*RECORDS TO PROCESS*:

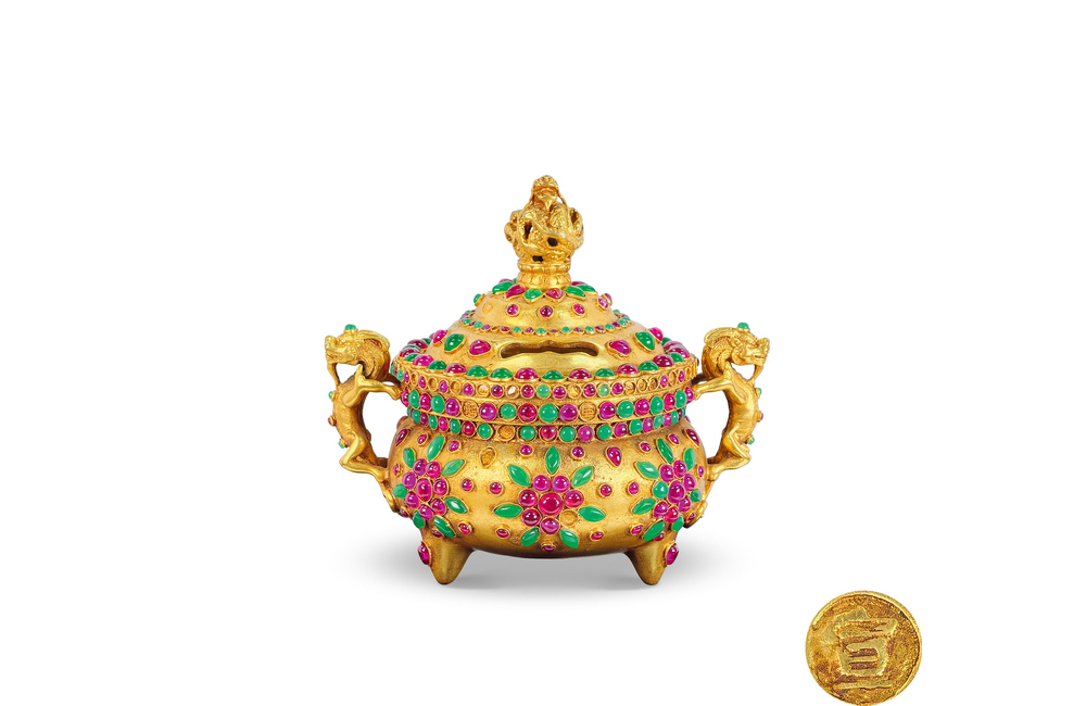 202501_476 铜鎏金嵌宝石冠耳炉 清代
* * *
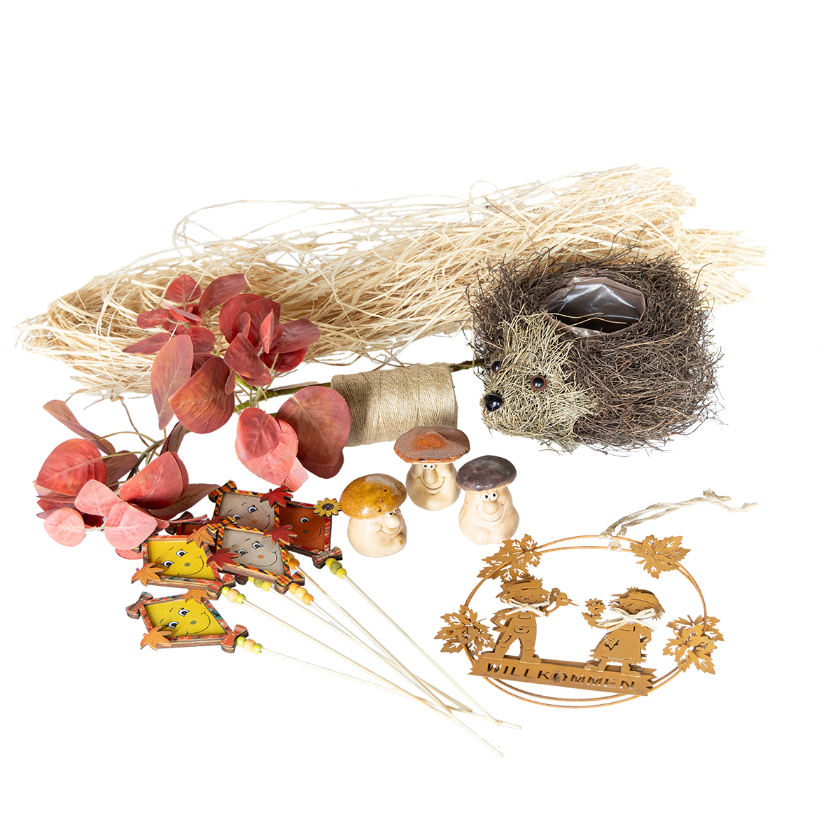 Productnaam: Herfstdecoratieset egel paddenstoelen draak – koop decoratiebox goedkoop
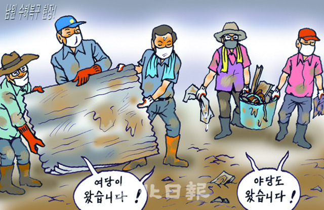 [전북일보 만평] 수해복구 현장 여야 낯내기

*TASK DIRECTIONS*: Using the data above, which lines fall from the one with "Productnaam: Herfstdecoratieset egel" through the one with "[전북일보 만평] 수해복구 현장 여야 낯내기"? Repeat them exactly, ends included, minus any pictures.

*RESULT FOR THIS EXERCISE*:
 Productnaam: Herfstdecoratieset egel paddenstoelen draak – koop decoratiebox goedkoop
 [전북일보 만평] 수해복구 현장 여야 낯내기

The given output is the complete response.